Being busy doing nothing is exhausting. Why is half the world at meetings about meetings? The answer is simple. Meetings are one the most effective ways of avoiding work. It’s official. But unfortunately there are still a lot of people out there who love saying “I haven’t got time for this right now – I’m just going into a meeting”.

“Most meetings are fruitless”, says Scott Belsky, (below) author of Making Things Happen, “and they are expensive in terms of time and energy. When a meeting begins, the workflow of every team member stops. All progress comes to a halt.” Belsky says the best meetings happen away from a table – as “lengthy, pointless meetings are less likely to happen when everybody is standing and gradually getting weaker at the knees.” The best meetings are 10 minutes long.

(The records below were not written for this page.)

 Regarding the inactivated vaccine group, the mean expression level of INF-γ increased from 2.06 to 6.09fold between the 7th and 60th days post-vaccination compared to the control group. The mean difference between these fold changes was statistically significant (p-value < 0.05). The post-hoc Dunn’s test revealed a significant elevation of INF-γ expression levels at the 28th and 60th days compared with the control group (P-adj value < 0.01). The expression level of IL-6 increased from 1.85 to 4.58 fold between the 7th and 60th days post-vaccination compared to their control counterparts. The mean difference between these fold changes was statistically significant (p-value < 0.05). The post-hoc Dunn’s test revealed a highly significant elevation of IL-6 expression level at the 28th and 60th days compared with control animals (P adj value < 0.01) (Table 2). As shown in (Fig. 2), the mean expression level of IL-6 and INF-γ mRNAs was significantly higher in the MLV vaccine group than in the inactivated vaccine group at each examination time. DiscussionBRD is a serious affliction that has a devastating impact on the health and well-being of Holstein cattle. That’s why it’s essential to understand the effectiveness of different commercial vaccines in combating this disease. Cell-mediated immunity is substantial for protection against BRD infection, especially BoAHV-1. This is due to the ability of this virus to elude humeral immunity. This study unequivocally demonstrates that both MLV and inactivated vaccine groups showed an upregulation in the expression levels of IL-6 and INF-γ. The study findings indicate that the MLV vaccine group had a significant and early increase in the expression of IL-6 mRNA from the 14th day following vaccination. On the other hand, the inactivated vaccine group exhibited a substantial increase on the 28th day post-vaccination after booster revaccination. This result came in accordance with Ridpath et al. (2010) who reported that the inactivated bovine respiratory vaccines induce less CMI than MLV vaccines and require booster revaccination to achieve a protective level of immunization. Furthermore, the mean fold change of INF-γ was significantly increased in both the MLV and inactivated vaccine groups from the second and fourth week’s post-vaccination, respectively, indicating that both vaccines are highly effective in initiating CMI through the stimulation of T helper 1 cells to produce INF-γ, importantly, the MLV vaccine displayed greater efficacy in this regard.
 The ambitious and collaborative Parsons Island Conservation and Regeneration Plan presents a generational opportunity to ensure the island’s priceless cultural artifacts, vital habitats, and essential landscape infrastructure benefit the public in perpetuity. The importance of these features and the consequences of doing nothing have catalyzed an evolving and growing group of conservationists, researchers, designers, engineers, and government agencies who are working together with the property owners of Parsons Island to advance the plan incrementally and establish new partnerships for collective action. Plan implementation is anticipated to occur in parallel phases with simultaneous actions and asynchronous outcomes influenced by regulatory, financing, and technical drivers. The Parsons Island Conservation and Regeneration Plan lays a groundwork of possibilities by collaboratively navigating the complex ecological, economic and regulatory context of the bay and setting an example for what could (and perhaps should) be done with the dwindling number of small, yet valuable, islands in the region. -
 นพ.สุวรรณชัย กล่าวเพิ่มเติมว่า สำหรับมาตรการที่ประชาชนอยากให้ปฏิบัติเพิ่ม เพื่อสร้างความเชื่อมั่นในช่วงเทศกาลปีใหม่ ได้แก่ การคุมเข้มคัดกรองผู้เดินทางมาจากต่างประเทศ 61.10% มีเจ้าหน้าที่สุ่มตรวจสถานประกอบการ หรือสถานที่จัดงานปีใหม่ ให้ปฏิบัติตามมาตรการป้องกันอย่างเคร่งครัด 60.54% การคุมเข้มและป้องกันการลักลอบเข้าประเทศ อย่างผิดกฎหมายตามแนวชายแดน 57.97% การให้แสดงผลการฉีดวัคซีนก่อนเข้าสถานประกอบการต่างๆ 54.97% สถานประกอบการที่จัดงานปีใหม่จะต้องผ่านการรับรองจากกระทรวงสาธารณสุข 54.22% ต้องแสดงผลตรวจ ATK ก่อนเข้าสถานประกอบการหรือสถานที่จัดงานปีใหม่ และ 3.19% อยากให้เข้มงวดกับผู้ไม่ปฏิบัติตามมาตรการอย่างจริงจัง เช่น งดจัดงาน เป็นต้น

Ian Price the author of  “The Activity Illusion” used to work in the corporate world until he saw that “Everyone I worked with was frantically busy and yet so little was being achieved; this appeared to me to be the case the more senior the manager. I worked with people who were “too busy” to perform the basic functions of leadership – too busy to have 10 minute team meetings, too busy to delegate, too busy to give feedback.” This sounds like they were too busy to work.

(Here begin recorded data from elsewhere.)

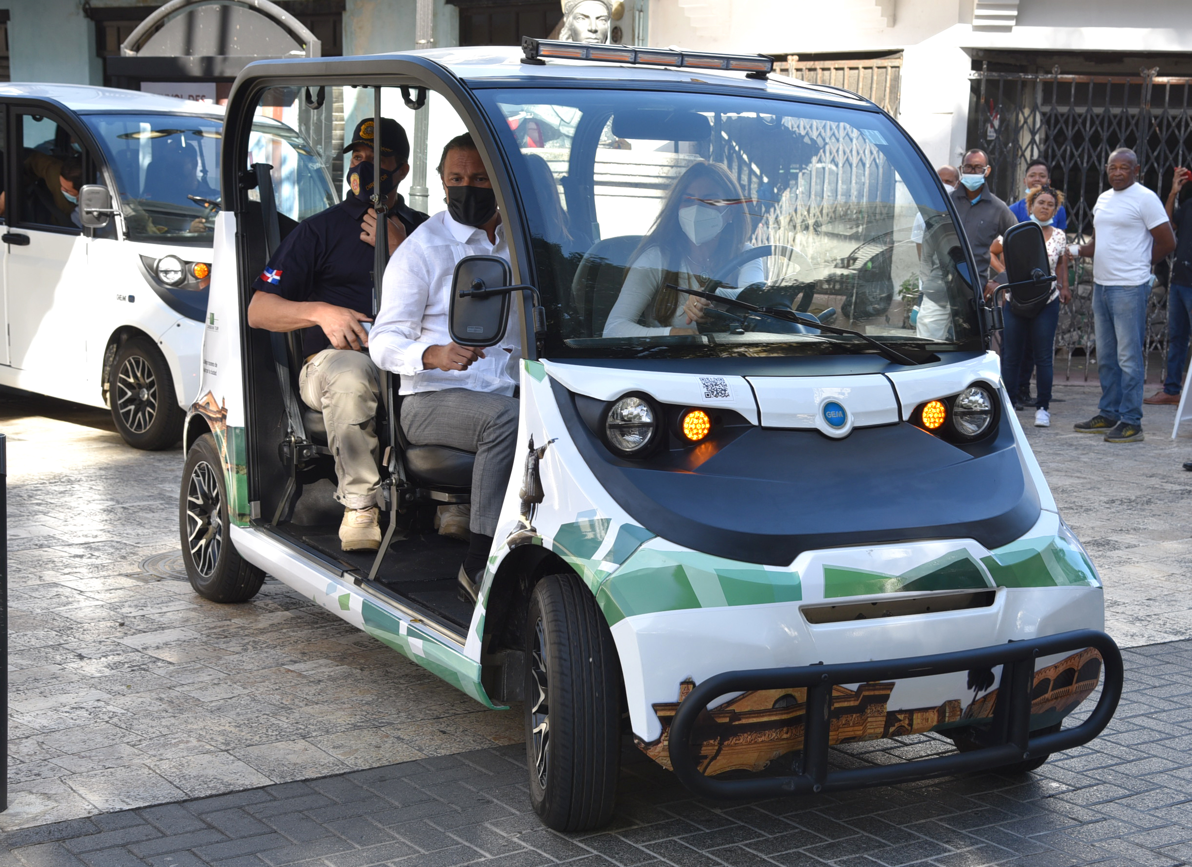 En el acto encabezado por Juan Tomas Díaz Infante, presidente de GEM Dominicana, y la Alcaldesa del Distrito Nacional Carolina Mejía, se hizo entrega formal del vehículo eléctrico del año 2020 con capacidad para cuatro pasajeros, color blanco.
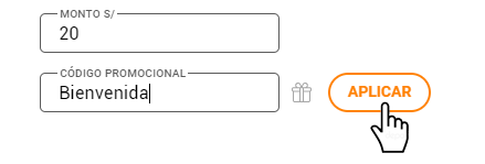 Luego de confirmado lo anterior, deberá ingresar a la sección “Cargar Saldo” que verás en el panel de usuario. Acto seguido ingresa el código promocional previo al depósito que vas a realizar y presiona el botón “APLICAR”.
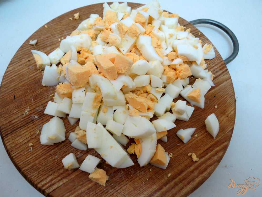 Яйца удобнее всего нарезать используя яйцерезку. Или порезать на кухонной доске острым ножом кубиками. Отварены они должны быть вкрутую. У меня магазинные, но домашние, с ярким желтком гораздо вкуснее. К сожалению, сейчас нет возможности такие купить.
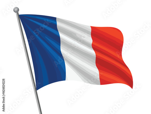 Waving French national flag on flagpole with vertical blue, white, and red stripes—symbol of liberty, unity, and cultural pride
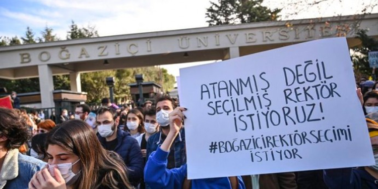 Boğaziçi Üniversitesi önünde kayyım rektör Melih Bulu’yu protesto etmek amacıyla açılan sergide “Kabe fotoğrafının yere serildiği” iddiasıyla gözaltına alınan 4 kişiden 2’si tutuklama talebiyle mahkemeye sevk edildi.
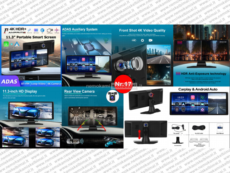• AMPrime 4K HDR+ 11.3" – belaidis CarPlay / Android Auto su ADAS, Wi-Fi, FM ir 4K DVR.

And by the way, if you are going to use Power Point at a meeting limit your slides to six. Price believes that nothing switches off the brain better than a interminable power point presentation. The brain can’t focus on text and speech at the same time without wandering.


Of course it’s easy to be busy all the time- look at all the emails you got to check, the conference calls or even the video calls you have to take, checking your Blackberry or iPhone every second minute. So no wonder there’s time for an hour long meeting – it’s a break from being busy doing nothing.